Closed tim-x-y-z closed 6 months ago

tim-x-y-z commented 8 months ago

When upgrading to v1.2.0 it seems the shutdown for asgi doesn't work properly - it seems to be hanging.

gi0baro commented 8 months ago

@tim-habitat can you please provide more details on this (eg: OS/container, Python version, libraries used, granian cmd used) and possibly logs/MRE validating your statement?

tim-x-y-z commented 7 months ago

sorry yes, it was on an arm on mac os using fastapi, python 3.11. both granian reload and not were affected.

i'll try to get a reproducible example here in the next few days!

note: i did have a lifespan to create database tables

zarekr commented 7 months ago

similar issue here with Django running granian as asgi server:

 [ERROR] Application callable raised an exception
 Traceback (most recent call last):
   File "/home/python/.local/lib/python3.12/site-packages/granian/_futures.py", line 4, in future_watcher
     await inner(watcher.scope, watcher.proto)
   File "/home/python/.local/lib/python3.12/site-packages/channels/routing.py", line 62, in __call__
     return await application(scope, receive, send)
            ^^^^^^^^^^^^^^^^^^^^^^^^^^^^^^^^^^^^^^^
   File "/home/python/.local/lib/python3.12/site-packages/channels/sessions.py", line 47, in __call__
     return await self.inner(dict(scope, cookies=cookies), receive, send)
            ^^^^^^^^^^^^^^^^^^^^^^^^^^^^^^^^^^^^^^^^^^^^^^^^^^^^^^^^^^^^^
   File "/home/python/.local/lib/python3.12/site-packages/channels/sessions.py", line 263, in __call__
     return await self.inner(wrapper.scope, receive, wrapper.send)
            ^^^^^^^^^^^^^^^^^^^^^^^^^^^^^^^^^^^^^^^^^^^^^^^^^^^^^^
   File "/home/python/.local/lib/python3.12/site-packages/channels/auth.py", line 185, in __call__
     return await super().__call__(scope, receive, send)
            ^^^^^^^^^^^^^^^^^^^^^^^^^^^^^^^^^^^^^^^^^^^^
   File "/home/python/.local/lib/python3.12/site-packages/channels/middleware.py", line 24, in __call__
     return await self.inner(scope, receive, send)
            ^^^^^^^^^^^^^^^^^^^^^^^^^^^^^^^^^^^^^^
   File "/home/python/.local/lib/python3.12/site-packages/channels/routing.py", line 116, in __call__
     return await application(
            ^^^^^^^^^^^^^^^^^^
   File "/home/python/.local/lib/python3.12/site-packages/django/core/handlers/asgi.py", line 170, in __call__
     await self.handle(scope, receive, send)
   File "/home/python/.local/lib/python3.12/site-packages/django/core/handlers/asgi.py", line 227, in handle
     await task
   File "/home/python/.local/lib/python3.12/site-packages/django/core/handlers/asgi.py", line 245, in listen_for_disconnect
     raise RequestAborted()
 RequestAborted: 

running in docker on mac m2

gi0baro commented 7 months ago

@zarekr no, it's not similar. Seems more like #186. This issue refers to shutdown.

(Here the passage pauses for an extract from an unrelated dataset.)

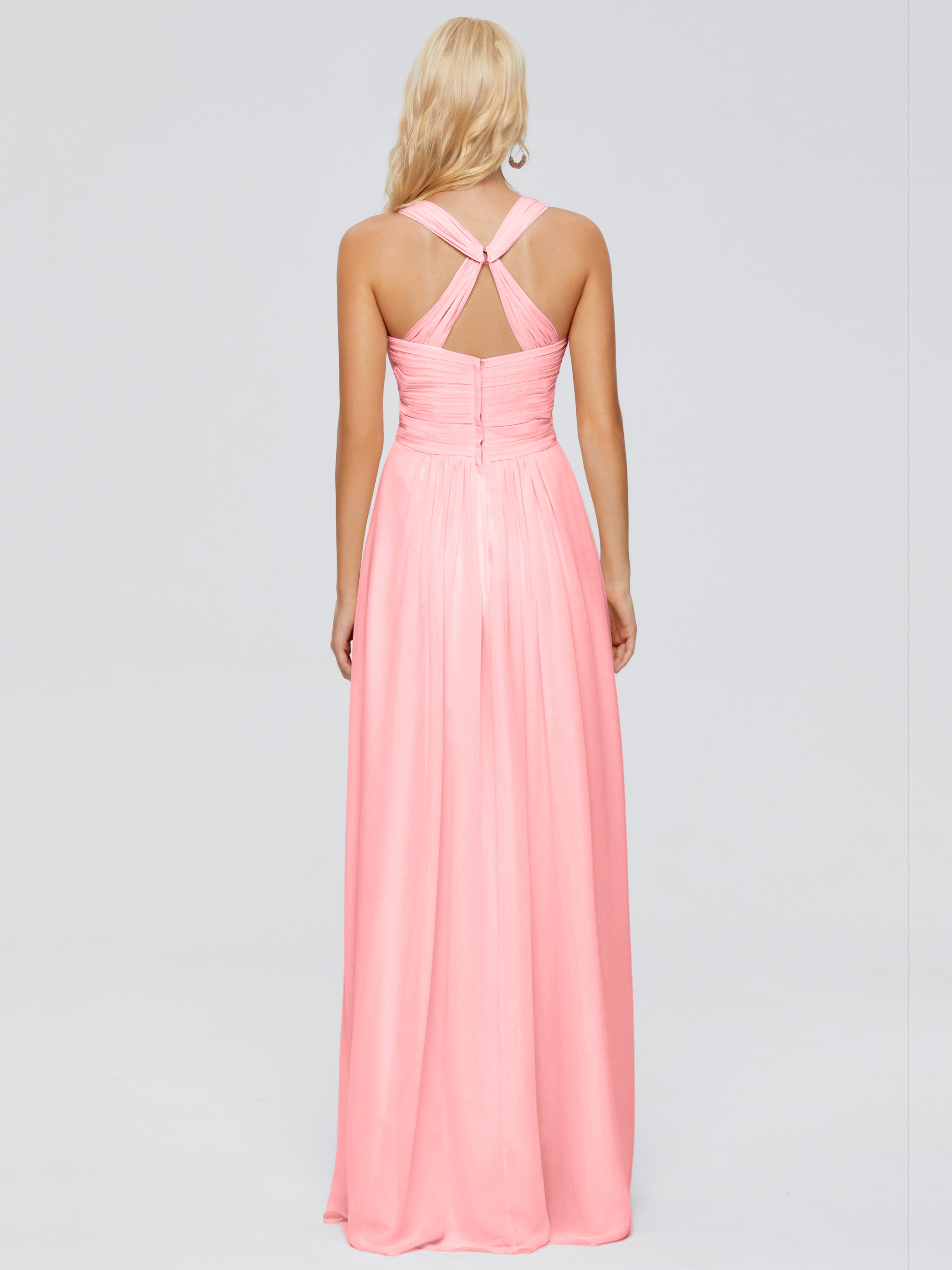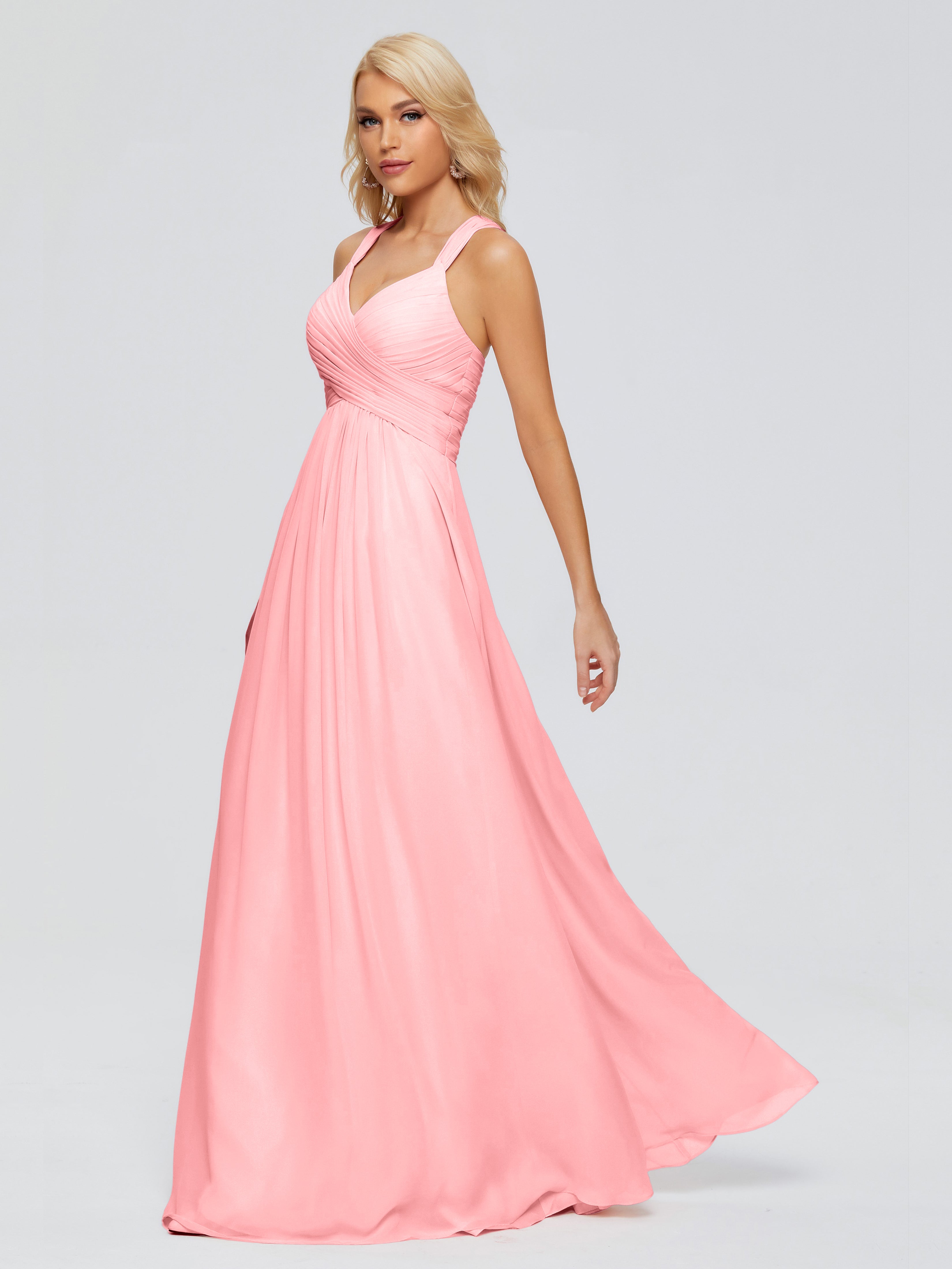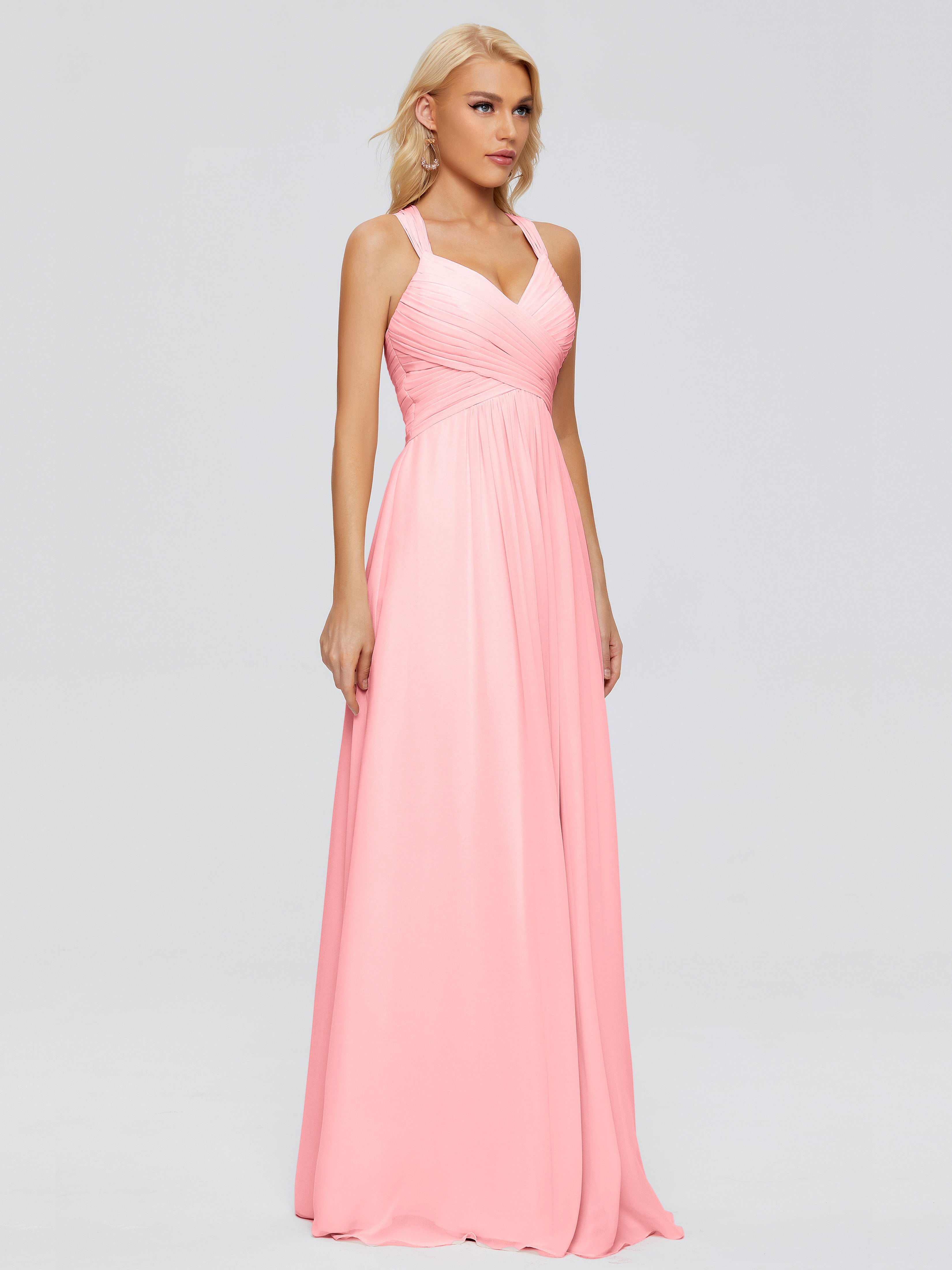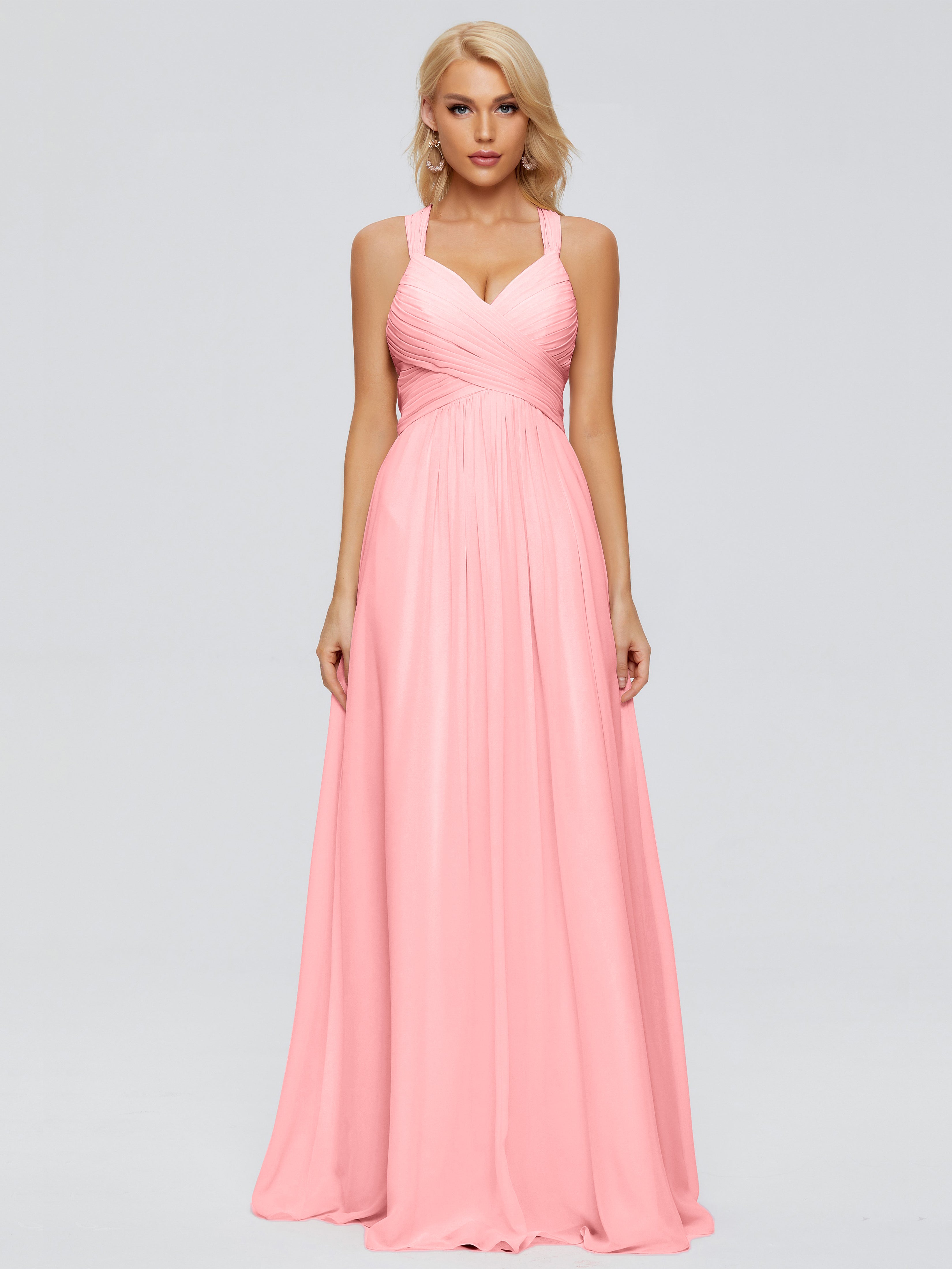 Robes De Demoiselle D'Honneur En Flamant Trapèze Bretelles Croisées Mousseline Robes Demoiselle D'Honneur

zarekr commented 7 months ago

@zarekr no, it's not similar. Seems more like #186. This issue refers to shutdown.

Oops. Had the wrong issue open 🥱

RafaelWO commented 7 months ago

I'm experiencing similar issues when trying to shutdown granian. It is stuck on stopping the worker:

[2024-04-18 11:29:02.088 | INFO  ] PUT "/items" HTTP 100 --- middleware
^C[INFO] Shutting down granian
[INFO] Stopping worker-1
[INFO] Stopping worker-1 runtime-1

To stop it I have to kill Granian via SIGKILL.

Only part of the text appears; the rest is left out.